Martin conceded an important point, however. LB1’s forelimb/hindlimb ratio did resemble that of something more primitive than H. erectus. It was “marginally possible,” therefore, that LB1’s remains provided “evidence of a new species from a lineage that diverged at a very early australopithecine stage, about 3 Ma ago, when cranial capacity was still very small.” Nevertheless, he cautioned, the existing fossil record simply did not support the hypothesis that so many more modern Homo traits could convergently evolve into the proposed H. floresiensis lineage.
Then, during a brief review of the contemporary Hobbit literature, University of California at Berkeley biologist, Gary Richards, emphasized a similar point (Richards 2006). Richards first proposed a genetic rather than a pathological cause of the Hobbits’ morphology—a mutation in the MCPH gene family combined with a modification of the growth hormone-insulin-like growth factor I [GH-IGF-I] axis). But he also challenged the new species proponents to account for Brown’s and Morwood’s novel evolutionary scenario. The Hobbits’ phylogenetic link “to any taxon other than H. sapiens,” he warned, “results in a problem wherein the similarities between H. floresiensis and H. sapiens would have to arise by parallel evolution at the same time that the new species is undergoing significant genetic drift or selection for a reduction in stature and brain size.”
Rejoinder: The Brain of H. floresiensis.
If this is the best evidence that can be produced . . ., we suggest that the authors reconsider their position on the microcephalic hypothesis.—Dean Falk (2005a).
Clearly, LB1’s tiny brain had seized center stage in the hotly contested Hobbit debate. Experts can’t study the brains of long-dead specimens directly, of course, but they can fashion endocast molds of braincase interiors. Although LB1’s cranium was far too fragile to render a common plaster cast, Brown fashioned virtual endocasts using CT scans, resin, and a rapid-prototyping process called stereolithography.
Florida State University’s Dean Falk, a leading expert on hominid brain evolution, decided to compare LB1’s virtual endocasts with molds made from the braincases of great apes, an australopithecine, a H. erectus, an average sized H. sapiens, a pygmy, and a microcephalic H. sapiens (Falk 2005b). She found that, although LB1 closely resembled A. africanus in terms of relative brain-to-body size, its brain’s general shape was most similar to that of H. erectus. Importantly, Falk observed as well that the Flores hominin’s endocast bore little likeness to that of the pygmy and least of all to the microcephalic.

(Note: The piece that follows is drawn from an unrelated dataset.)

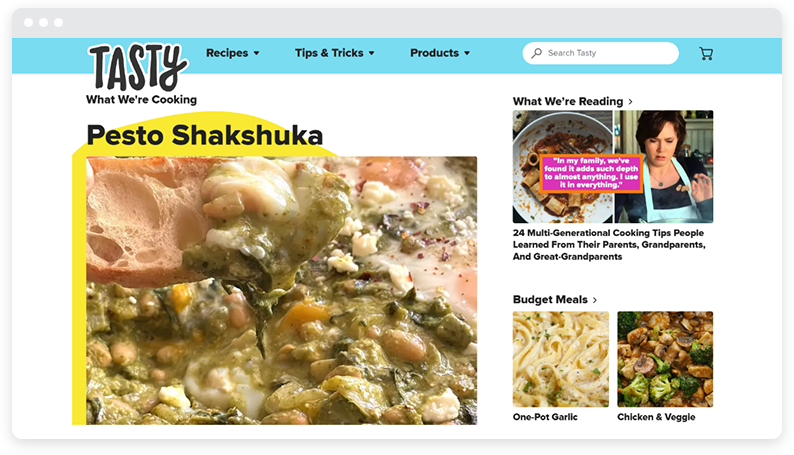 깨끗하고 여유로운 접근 방식을 선택한 목록의 다른 브랜드와 달리 Tasty는 정반대입니다. 대신, 사이트 방문자의 관심을 끌 수 있는 재미있고 편안한 분위기를 조성하기 위해 다양한 색상을 사용합니다.

Falk’s most remarkable discovery, however, was that LB1 had possessed a “well-convoluted” brain that could not have simply been a scaled-down version of a H. sapiens or a H. erectus brain. Referring to the Hobbits’ big-game stone technology and evident use of fire and cooking, Falk spotlighted LB1’s extremely wide temporal lobes and expanded frontal polar region, the latter of which consists of Brodmann’s area 10—probably involved in planning and initiative taking—in humans. In the end, Falk’s team (including Brown and Morwood) settled on two potential evolutionary scenarios: H. floresiensis either dwarfed under the island’s unusual allometric constraints, or shared with H. erectus an unknown, small-bodied, and tiny-brained ancestor.
But, of course, Falk’s claims did not go unchallenged. German neuroscientist, Jochen Weber, for example, analyzed 19 different microcephalics (with a mean brain capacity of 404 cc), and found that seven, like LB1, presented an enlarged Brodmann’s area 10 (Weber 2006). Robert Martin argued that LB1’s tiny brain could not possibly result from the normal, non-pathological dwarfing of H. erectus, and that the stone tools recovered from the LB cave were of a type never to have been associated with any species other than H. sapiens (Martin 2006b).

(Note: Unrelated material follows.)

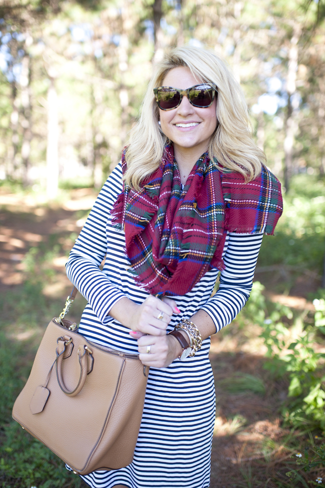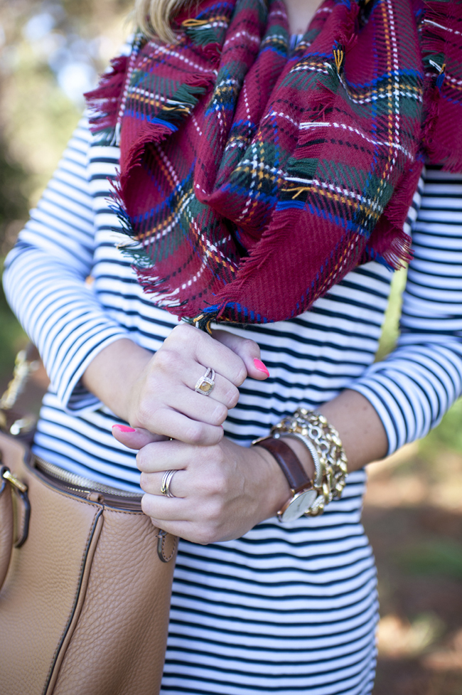 Dress : Mott Sun Protective Stripe Dress c/o | Scarf : Red Oversized Plaid Scarf (only $16) | Boots : Red Original Tall Gloss Hunter Boots | Socks : Polka Dot Over The Knee Socks $12 | Sunglasses : Karen Walker | Bag : Tory Burch Robinson Square Tote | Watch : Daniel Wellington Classic St. Andrews c/o {15% off with code JUSTDANDY at checkout} | Bracelets : Bauble Bar Alex Ani | David Yurman | Nordstrom | Earrings : Double Pearl 360 Studs | Rings : David Yurman

Australian archeologist, Adam Brumm, however, disagreed with Martin on the second point. Brumm’s group compared the LB tools to some 500 stone artifacts excavated from the Mata Menge site in the Soa Basin of central Flores (just 50 km west of the LB cave) dated from 840,000 to 700,000 years ago—at least 500,000 years prior to H. sapiens (Brumm 2006). Both assemblages evidenced the same use of raw materials and a very similar freehand reduction technique. Both sites, in fact, produced the same types of tools of similar maximum dimensions. According to Brumm, “the stone artifacts from Mata Menge and Liang Bua represent a technology made by the same hominin lineage. Pronouncements that H. floresiensis lacked the brain size necessary to make stone artifacts,” he concluded, “are therefore based on preconceptions rather than actual evidence.”

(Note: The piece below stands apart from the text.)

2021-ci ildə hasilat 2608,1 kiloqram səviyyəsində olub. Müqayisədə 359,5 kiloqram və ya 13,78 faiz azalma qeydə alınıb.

Professor Falk eventually published two additional papers on the ever-enigmatic brain of LB1. In the first study, she compared LB1’s virtual endocast to those of nine “heterogenous” microcephalics and ten normal humans (Falk 2007). She concluded that LB1’s unique features should not be attributed to pathology because (1) “the frontal breadth relative to cerebellar width and lack of cerebellar protrusion” classified LB1 at “100 % probability with normal H. sapiens rather than microcephalics,” and (2), as she had already noted, LB1’s brain shared too many crucial affinities with those of H. erectus and A. africanus.
In the second paper, Falk identified seven distinct features of LB1’s brain that were derived and not pathological, declaring that “[t]o date, we are unaware of descriptions in the literature of microcephalic brains … that manifest anything like the suite of derived cortical features seen in LB1’s virtual endocast” (Falk 2009a). But perhaps even more interestingly—and refreshingly—Falk seized this opportunity to expound on what she deems a profound “shift in the big picture” of hominin brain evolution. Conventional wisdom has long demanded that the evolution of intelligence was the product of brain size alone. However, a Neanderthal or H. sapiens sized brain might not be necessary to the task. Hominin brain evolution—and, thus, selection for intelligence—might very well have proceeded in some species, like H. floresiensis, through cortical reorganization as well.
Mounting Evidence: The Body of H. floresiensis.
Now that much of the fuss has died down, and the validity of the new species has been established apparently to the satisfaction of most paleoanthropologists, it has become possible to discuss its affinities soberly.—Colin Groves (2007).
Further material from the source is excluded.